Pap T
Bereich Molekulare Medizin des Muskuloskeletalen Systems, Universitätsklinikum Münster, Domagkstrasse 3, 48149 Münster.
Z Rheumatol. 2007 May;66(3):239-40, 242. doi: 10.1007/s00393-007-0167-3.

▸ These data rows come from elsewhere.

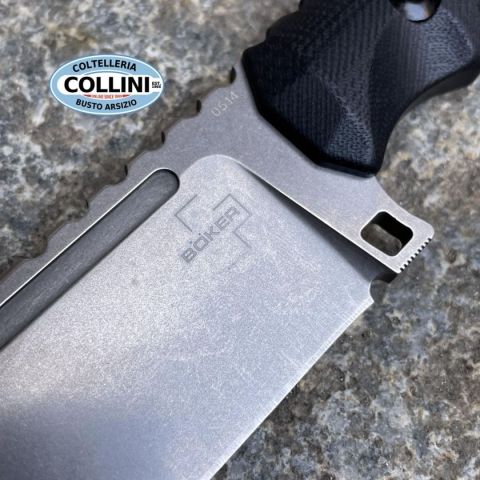 Destinazione d'uso: UtilityTipo di produzione: IndustrialePaese di produzione: CinaLama: ful tang in acciaio D2Finitura lama: StonewashedManicatura: G10Lunghezza lama: 106mm.Spessore lama: 4.7mm.Lunghezza totale: 215mm.Peso: 181g.Fodero: in Kydex, con attacco tipo Tek-LokConfezione: scatola di cartone con loghi Boker PlusNote: Design by Midgards Messer
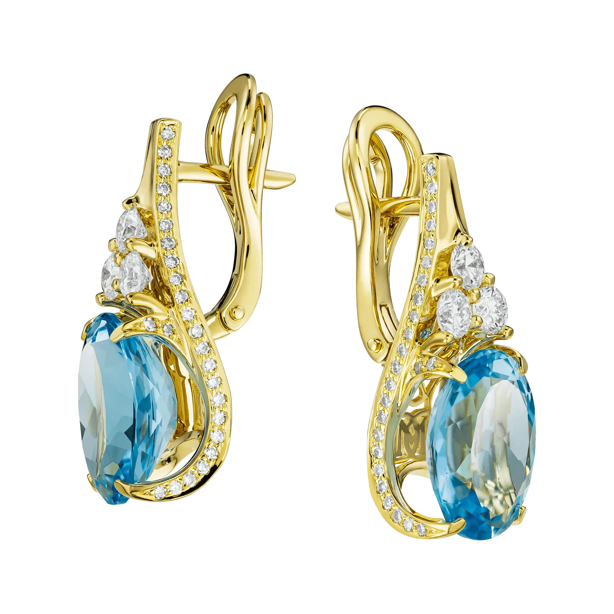 Бриллианты формируют вокруг топазов тонкое световое окружение, усиливая их прозрачность и добавляя живую игру бликов. Жёлтое золото оправы вносит тёплый акцент, уравновешивая прохладную палитру и подчёркивая изящную архитектуру формы.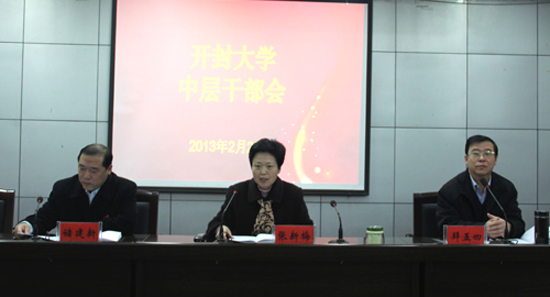 拜校长指出,今年全年工作要以十八大精神和科学发展观为指导,以教学为中心,以改革创新为动力,以科学管理为保障,以谋大事、干大事、成大事的胆略与气魄,全力推进两大攻坚战,实施五大工程,深化五项改革,为实现升本的总体战略目标,为把开大办成国内知名、特色鲜明、水平一流的高等院校而努力奋斗!为实现升本战略目标,要一切围绕升本,一切服从升本,一切为了升本,圆好开大人的升本之梦;要继续保持攻坚的姿态,全力推进创造升本条件的攻坚战和新校区建设的攻坚战;实施好人才工程、质量工程、民心工程、校企合作工程、数字化校园工程五大工程;深化人才培养模式改革、管理思想机制改革、绩效工资改革、考核办法改革、资产管理改革等五项改革。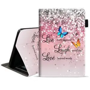ZOXOHO Case for All-New Kindle Fire HD 10 Tablet 10.1 inch (9th/7th Generation, 2019/2017 Release) - Slim Lightweight PU Leather Cover with Auto Sleep Wake, Pink Glitter Quote Live Laugh Love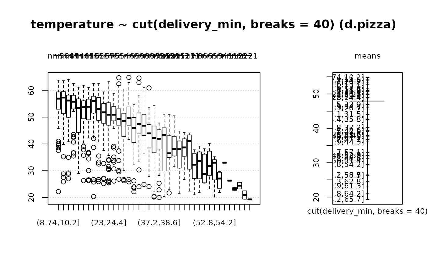 #> temperature ~ cut(delivery_min, breaks = 40) (d.pizza)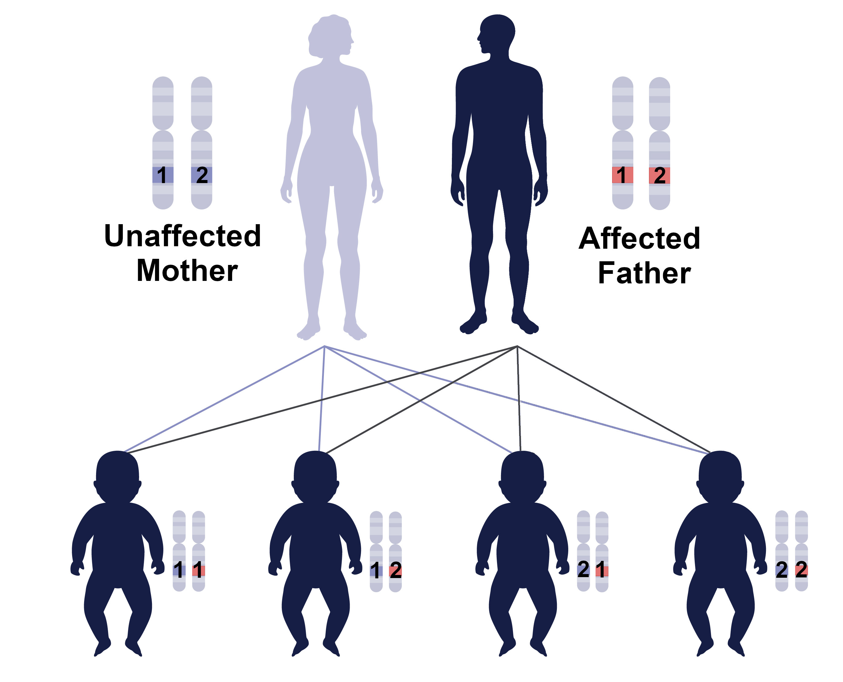In this example of inheritance of a disease-causing gene, the father has two copies of the faulty gene, and the disease is present when just one faulty copy is passed down. In these rare cases, no matter the combination of genes from the parents, the children will have an affected gene. Scientists and bioethicists have pointed to scenarios like this as the most compelling cases for human embryo editing. Visual: iStock via Getty Images; modifications by Undark

Apoptosis is a central physiological mechanism for maintaining cellular stability in tissue. Synovial fibroblasts, which play a central role in the pathogenesis of rheumatoid arthritis (RA), show a resistance to apoptosis. Several molecular mechanisms are involved in such resistance. Thus, soluble Fas can bind Fas ligands (Fas-L) and hinder Fas-L induced apoptosis in fibroblasts. SUMO-1 (a small ubiquitin-like modifier) attaches to proteins post-translationally. This appears to be significantly involved in apoptosis resistance in RA fibroblasts. SUMO-1 levels are substantially increased in synovial fibroblasts from RA patients. A change in the post-translational SUMOlation pattern could represent a new target for changing the stable activation of synovial fibroblasts in RA.
细胞凋亡是维持组织中细胞稳定性的核心生理机制。在类风湿性关节炎(RA)发病机制中起核心作用的滑膜成纤维细胞表现出对细胞凋亡的抗性。这种抗性涉及多种分子机制。因此,可溶性Fas可结合Fas配体(Fas-L)并阻碍Fas-L诱导的成纤维细胞凋亡。SUMO-1(一种小泛素样修饰物)在翻译后附着于蛋白质。这似乎与RA成纤维细胞的凋亡抗性密切相关。RA患者滑膜成纤维细胞中SUMO-1水平显著升高。翻译后SUMO化模式的改变可能代表改变RA滑膜成纤维细胞稳定活化的新靶点。